* [EXERCISE]: Please repeat, from the entries that follow, the lines from the one containing "Rysunek pierwszy, czyli" through the one containing "ITALY Size M" exactly, adding nothing.

[THE INPUT Boundary: Start]

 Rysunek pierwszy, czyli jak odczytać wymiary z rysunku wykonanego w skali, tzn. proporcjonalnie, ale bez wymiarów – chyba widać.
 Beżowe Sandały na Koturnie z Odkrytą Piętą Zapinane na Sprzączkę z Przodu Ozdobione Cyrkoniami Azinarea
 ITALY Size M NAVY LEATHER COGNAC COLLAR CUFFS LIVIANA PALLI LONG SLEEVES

[THE INPUT Boundary: End]
[THE INPUT Boundary: Start]

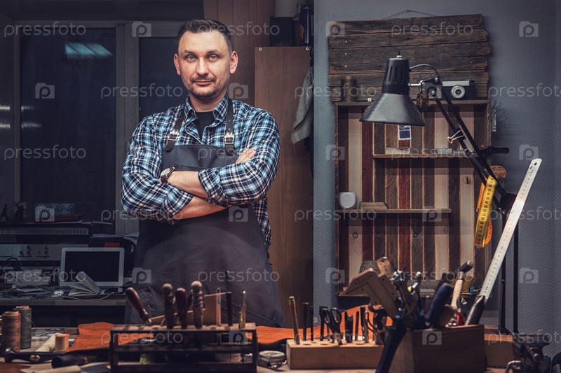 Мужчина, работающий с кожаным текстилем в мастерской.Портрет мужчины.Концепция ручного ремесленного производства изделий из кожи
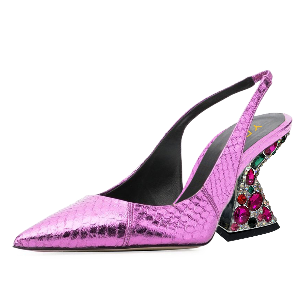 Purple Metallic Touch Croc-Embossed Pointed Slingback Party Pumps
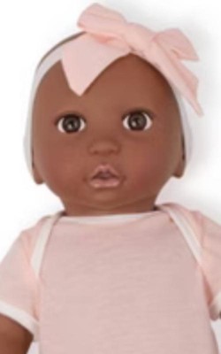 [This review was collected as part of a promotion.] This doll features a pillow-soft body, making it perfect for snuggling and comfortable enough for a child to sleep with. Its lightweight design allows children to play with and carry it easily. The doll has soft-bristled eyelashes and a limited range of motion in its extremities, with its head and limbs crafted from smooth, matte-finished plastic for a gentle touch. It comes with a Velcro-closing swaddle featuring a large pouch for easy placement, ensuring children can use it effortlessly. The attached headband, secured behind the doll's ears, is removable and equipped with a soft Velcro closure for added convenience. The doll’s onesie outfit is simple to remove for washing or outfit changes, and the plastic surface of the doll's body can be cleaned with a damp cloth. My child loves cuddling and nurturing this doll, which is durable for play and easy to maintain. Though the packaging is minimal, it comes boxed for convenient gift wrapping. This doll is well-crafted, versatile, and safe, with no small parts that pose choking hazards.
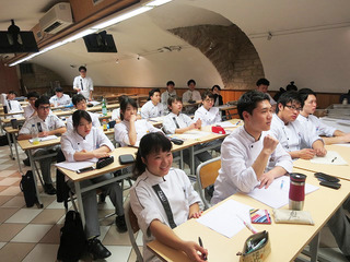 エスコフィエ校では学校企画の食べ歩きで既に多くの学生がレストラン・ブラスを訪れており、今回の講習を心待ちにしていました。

[THE INPUT Boundary: End]
[THE INPUT Boundary: Start]

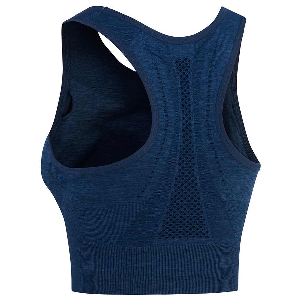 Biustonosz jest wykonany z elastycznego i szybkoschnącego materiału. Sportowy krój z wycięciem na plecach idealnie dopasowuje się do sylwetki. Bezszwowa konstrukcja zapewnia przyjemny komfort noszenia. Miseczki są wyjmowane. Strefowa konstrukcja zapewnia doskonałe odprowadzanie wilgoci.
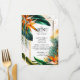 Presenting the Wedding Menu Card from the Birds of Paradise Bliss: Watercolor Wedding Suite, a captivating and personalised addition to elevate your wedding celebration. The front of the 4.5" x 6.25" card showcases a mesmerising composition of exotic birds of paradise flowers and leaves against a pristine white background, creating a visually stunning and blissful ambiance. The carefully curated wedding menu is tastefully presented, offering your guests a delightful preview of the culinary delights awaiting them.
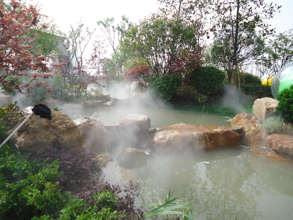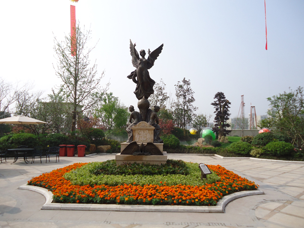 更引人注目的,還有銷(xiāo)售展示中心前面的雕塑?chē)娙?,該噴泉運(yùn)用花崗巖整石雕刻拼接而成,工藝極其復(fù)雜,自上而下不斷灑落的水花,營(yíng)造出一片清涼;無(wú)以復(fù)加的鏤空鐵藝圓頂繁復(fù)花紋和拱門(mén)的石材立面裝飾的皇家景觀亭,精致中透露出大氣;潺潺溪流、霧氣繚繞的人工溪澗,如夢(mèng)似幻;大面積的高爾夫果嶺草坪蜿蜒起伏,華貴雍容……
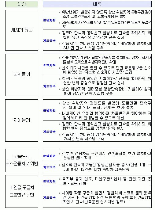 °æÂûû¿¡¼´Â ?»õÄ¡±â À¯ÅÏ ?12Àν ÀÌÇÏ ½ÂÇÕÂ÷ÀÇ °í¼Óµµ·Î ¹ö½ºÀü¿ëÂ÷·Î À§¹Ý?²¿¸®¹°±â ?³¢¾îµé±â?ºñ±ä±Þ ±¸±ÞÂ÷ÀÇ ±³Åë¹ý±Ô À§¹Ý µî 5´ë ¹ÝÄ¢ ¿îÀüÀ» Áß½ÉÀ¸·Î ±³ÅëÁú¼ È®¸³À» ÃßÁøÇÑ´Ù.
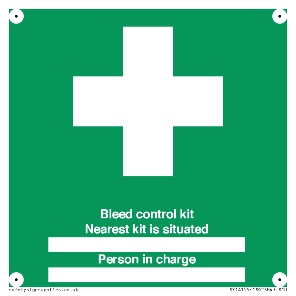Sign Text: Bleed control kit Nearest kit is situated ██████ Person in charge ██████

[THE INPUT Boundary: End]

* [ANSWER SPACE]:
 Rysunek pierwszy, czyli jak odczytać wymiary z rysunku wykonanego w skali, tzn. proporcjonalnie, ale bez wymiarów – chyba widać.
 Beżowe Sandały na Koturnie z Odkrytą Piętą Zapinane na Sprzączkę z Przodu Ozdobione Cyrkoniami Azinarea
 ITALY Size M NAVY LEATHER COGNAC COLLAR CUFFS LIVIANA PALLI LONG SLEEVES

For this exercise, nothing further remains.